The second necessary measure is to protect the sharks: forbid all fishing for them. Both the sharks I caught were observed to go back to their normal routine of taking grunters from anglers’ lines, but if anything happened to make them wary of their normal prey, they could revert to normal, opportunistic bull shark behavior, namely checking
out any living creature they come across. Regular attempts to catch them would be sure to do this. As we have learned, they won’t be hooked on heavy gear; however, on light gear they are extremely hard to bring in. Just a few break-offs could be enough to have them changing their diet. It would be the classic unintended consequence, so common when humans interfere with nature, but in this case it’s one that the application of forethought can help avoid. It’s also a classic illustration of the best way to deal with fear: instead of wanting to destroy the thing that you are afraid of, the answer often lies in simply understanding it.
CHAPTER 15
BOL KATA
VEN: Now, Piscator, where will you begin to fish?
PISC: We are not yet come to a likely place, I must walk a mile further yet, before I begin.
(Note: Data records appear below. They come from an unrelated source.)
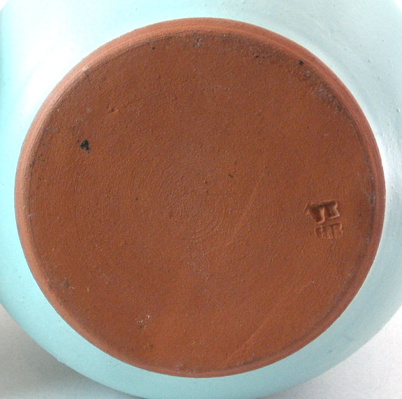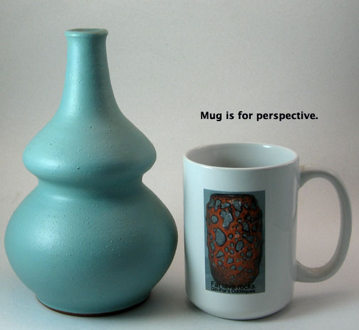 This modified double gourd shaped vase is hand thrown and comes from the Gramann company in East Germany. The impressed TR mark is for Töpferei Römhild or Töperhof Römhild, either of which roughly translates to Römhild Studio. Römhild is also where the company was located, although I tend to refer to the company by the family name Gramann to avoid confusion with any other companies in the same area. The glaze on this vase is monochrome, somewhat unusual for Gramann, and the texture is a bit grainy, which I suspect is from an imperfect firing rather than intent. Still, it's a great form.
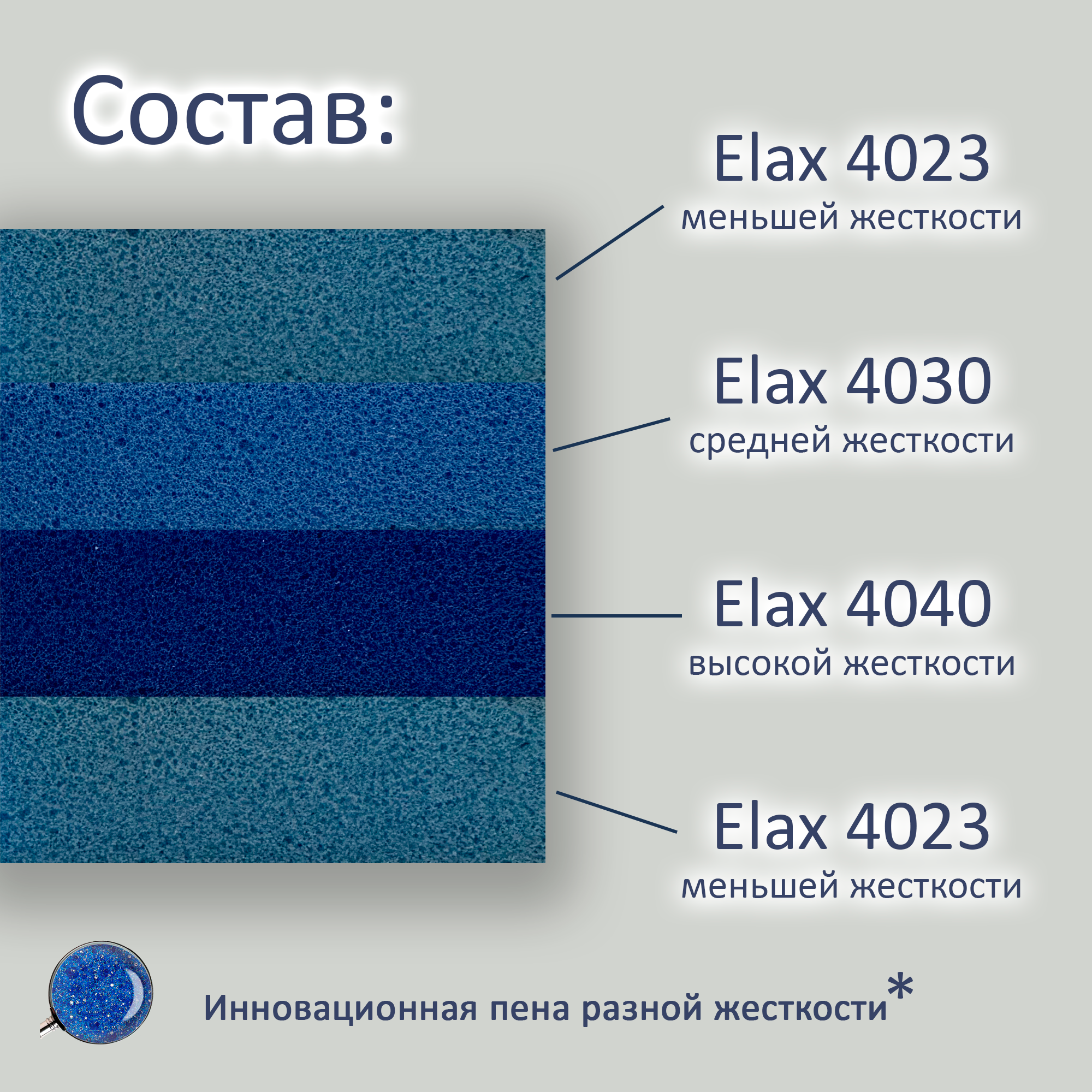 - Материал: Инновационная пенополиуретановая основа ELAX с открытой структурой клеток обеспечивает отличную циркуляцию воздуха и предотвращает накопление влаги.
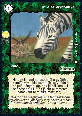 Kiadás: Mérleg (Csillagképek) Gyakoriság: ritka Lapszín (isten): Sheran Típus: bűbáj Szöveg: Ha egy lényed az asztalról a gyűjtőbe kerül (kivéve feláldozástól), egy másik célpont lényed kap egy jelzőt, ami +1 sebzést és +1 ÉP-t jelent (életmentő hatásként nem alkalmazható). Szinesítő szöveg: "Ha jobban megfigyeljük, a természetben egyensúly van. Az egyik lény halála a másik növekedését szolgálja."-Dong Fóliáns Illusztráció: Bőjthe Csaba

Izaak Walton, The Compleat Angler, 1653
AT THE END OF A SWELTERING DAY in the tropical lowland forest of Papua New Guinea (PNG), Francis Sambin takes off his clothes and gets into waist-deep water at the edge of the mud-brown Sepik River. As he takes a cooling wash, something bumps against him. He brushes it away, but the next moment sharp teeth are clamping and then tearing his genitals. He is so severely mutilated that he bleeds to death. It is 2002, and the local Pidgin language, based on a simplified version of English, gives the mystery perpetrator a graphic name: bol kata.
Sometime later, washing in the same stretch of river, Nick Sakat feels something touch his leg. He kicks it away, but it fastens onto his foot and pulls him toward deeper water. Terrified and confused, he makes a grab for a moored log raft—his family’s washing platform—and manages to drag himself onto its surface. There is nothing in the native fauna that makes a bite mark like the gushing wound in his foot, a mark that resembles, in shape and size, the imprints of human teeth. He can only think it is an underwater spirit—an invisible person.